Kitapların da adlarıyla konuştuğunu düşündünüz mü hiç?Oturdum kitaplığımın önüne,rastgele seçiyorum adlarını ve onlardan şiirimsi dizeler,yaşamdan kesitler çıkarıyorum ortaya.

Mesela“ÖLÜMÜN RENGİ GÜZ KARANLIĞI”/“BAHÇEDEKİ KUŞLAR KÜÇÜK UMUTLAR”/“MAYMUNLAR DEMOKRASİSİ’’/‘‘BİRBİRİNİ TAMAMLAYAN KARŞIT KÖŞELER”/“KARİZMAMA DOKUNMA’’/‘‘HUYSUZ ADAM”/“KARŞI KIYININ IŞIKLARI’’/‘‘GÜNDÜZ DÜŞLERİ”/“GÖLGESİZ KANDİL’’/‘‘SURETİ AYNAYA DÜŞEN ZAMAN”…

Bunlara,kitaplar sözlüğü de diyebilirsiniz.Bu ikilemeler,birer anlam yoğunluğu içerirler çünkü.Sizler de,kimi kitaplarınıza bu tür anlamlar ve anlamalar yükleyebilirsiniz...

*             

Gelelim radyo ve tv’lerdeki reklâmlara.Bizi bunaltsa da,“bizi izlemeye devam edin” uyarısıyla,oturup kalmıyor muyuz olduğumuz yere?!.Peki, reklâmları hiç alıcı gözle izliyor,can kulağıyla dinliyor musunuz?Ben mıh gibi çakılıyorum reklâmlar denince.
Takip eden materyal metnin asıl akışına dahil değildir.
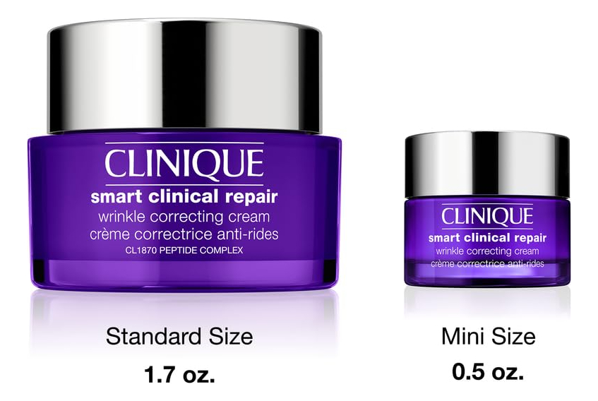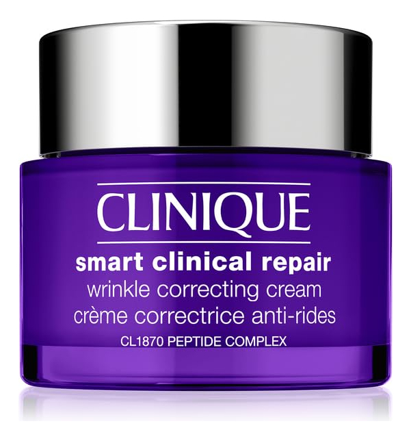 Creme facial corretivo de rugas Clinique Smart Clinical Repair com ácido hialurônico e peptídeos | Antienvelhecimento + hidratante, 2,5 fl oz – Complexo de peptídeos CL187: uma mistura especializada de peptídeos projetada para combater a aparência das rugas, aumentando o colágeno natural, que ajuda a fortalecer a estrutura de suporte natural da pele. Ácido hialurônico: Nossa fórmula usa dois pesos moleculares de ácido hialurônico. Este umectante intenso ajuda a inundar a pele com hidratação e mantém-se firme. Extrato de semente de soja: um ingrediente rico em ácido lisofosfatídico (LPA), que nutre para ajudar a fortalecer a pele. – * Comprovado clinicamente. * Testado dermatologicamente. * Testado contra alergias. – HIDRATANTE FACIAL COM PEPTÍDEOS + ÁCIDO HIALURÔNICO: Nosso creme anti-rugas é formulado com peptídeos para ajudar a aumentar a força da pele para uma aparência mais suave, ácido hialurônico para hidratar e extrato de semente de soja, um ingrediente rico em ácido lisofosfatídico (LPA), que nutre para ajudar a fortalecer a pele. – EXPERIÊNCIA CLÍNICA: Testado contra alergias. 100% livre de fragrâncias. Testado dermatologicamente. Seguro para peles sensíveis. — BASEADO NA CIÊNCIA DERMATOLÓGICA: Como uma marca guiada por dermatologistas, o compromisso da Clinique com a segurança começa com a ciência dos cuidados com a pele. Fazemos parcerias com as melhores mentes em dermatologia e formulamos para todos os tipos, tons e preocupações de pele a serviço de todas as peles.

Niye mi?Reklamların yarattığı etki en çok hayat tarzımız üzerine de ondan.Toplumun bakış açısını yansıtması ve aynı zamanda ona yön vermesi nedeni ile reklâmlar toplumsal değerlerin oluşumu ve yönlendirilmesinde de çok etkili.Çünkü onlar,birebir bizi, yaşamımızı ve yaşantı biçimimizi sunuyorlar.Reklâmlar toplumu değiştirici ve dönüştürücü etkiye sahip olması nedeniyle aslında bir ayna işlevi de görmekte.

*

Öylesine dedim ama böylesi bir yazı oldu galiba...

Yaşamla örtüşüyor(mu)?Birbirimize bakarak belirliyoruz bunu da(!)...

Söylediğiyle yaptığı birbiriyle örtüşen,bireyler olabildiğimizde hiçbir sorunumuz kalmayacak(mı?)